Many of these medications have not been proved safe for use in young children. We need to do better –the rate of medication for Attention Deficit Hyperactivity Disorder among young people in foster homes is more than double that in the general population.

A recent example that highlights why we should be far more cautious when prescribing strong education to young people is the tragic suicide deaths of two 16 year old girls in Maryborough. The hidden side of antidepressants: are they putting young lives atrisk? Published recently in The Conversation examined the cases of Zoe and Felicia.

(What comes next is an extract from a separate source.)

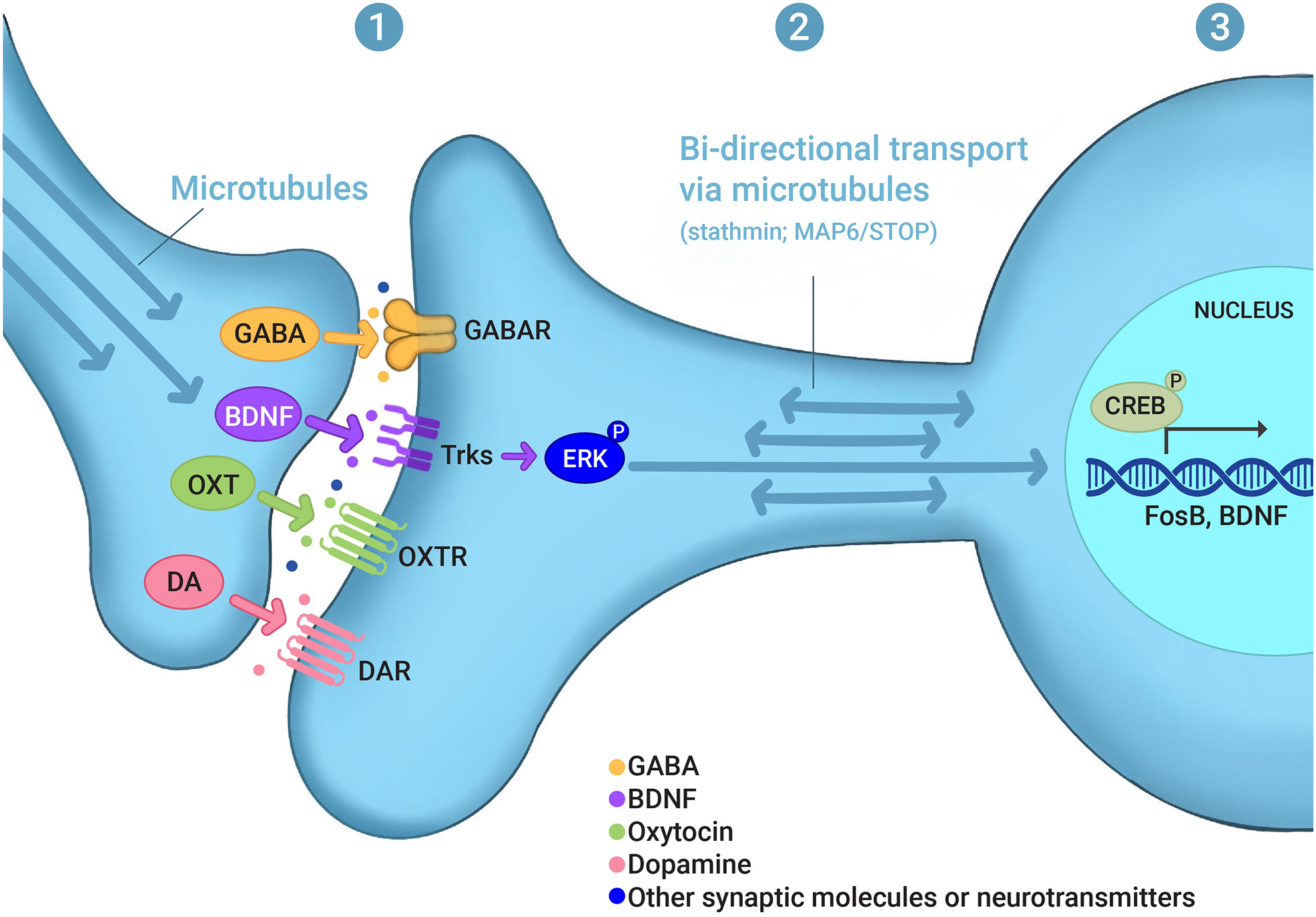 Trafficking in both directions between synapses and the nucleus is critical for activity-dependent intracellular neuronal signaling. While the critical role of trafficking has been shown for many behavioral processes including learning and memory, how important it is for maternal care remains unclear. The first step in this process is the transmission of extracellular signals received by synapses to the nucleus to induce the corresponding changes in gene transcription (Cohen et al., 2015; Herbst and Martin, 2017; Uchida and Shumyatsky, 2018b; Parra-Damas and Saura, 2019). Trafficking in the opposite direction from the nucleus and cell body supplies synapses with various cargos, including synaptic vesicle precursors, neurotransmitter and neurotrophic factor receptors, other synaptic proteins, mRNAs, and organelles (Hirokawa et al., 2010).

Coroner’s reports have confirmed Felicia Goodson had traces of the “prescribed anti-depressant” Venlafaxine in her system when she died, and Zoe Gough had been taking the anti-depressant Zoloft for a number of months prior to her death. Both these medications have been banned for use in young people in Britain and America as they have been linked to juvenile suicide.

Let’s look at some of the facts.

  • The World Health Organization figures show that pre-schoolers are the fastest-growing market for antidepressants. At least four precent of pre-schoolers have been diagnosed as being clinically depressed.
  • In 2004 the Australian Adverse Drug Reaction Advisory Committee warned that Venlafaxine and Sertraline (Zoloft) had been linked to an increased risk of suicide and self-harm among children and adolescents but both these drugs continue to be prescribed ‘off-label’.
  • In the United States and the United Kingdom, Prozac is the only antidepressant approved for adolescent depression.
  • Standard antidepressants have been revealed to have serious risks and are linked to suicide, violence, psychosis, abnormal bleeding and brain tumours.
  • In the US, all antidepressants have a mandatory black box warning of increased risk of suicide in under-25s.
  • In Australia, no antidepressant is currently approved for the treatment of major depression in young people, although unapproved, “off-label” prescription is common.

Quoted in The Australian newspaper, Adelaide psychiatry professor Jon Jureidini said there were “many reasons to be concerned about the prescription of such drugs to the girls. We should be very cautious about prescribing anti-depressants to young people in any circumstances and we should be doubly cautious when the medicine is not being properly supervised.”

In practice, anyone directly involved in working with children and young people should be actively questioning which, if any medications children are being prescribed and advising their parents, carers or the relevant authority of the potential dangers involved.

If we do nothing it may soon be too late for another Queensland youngster.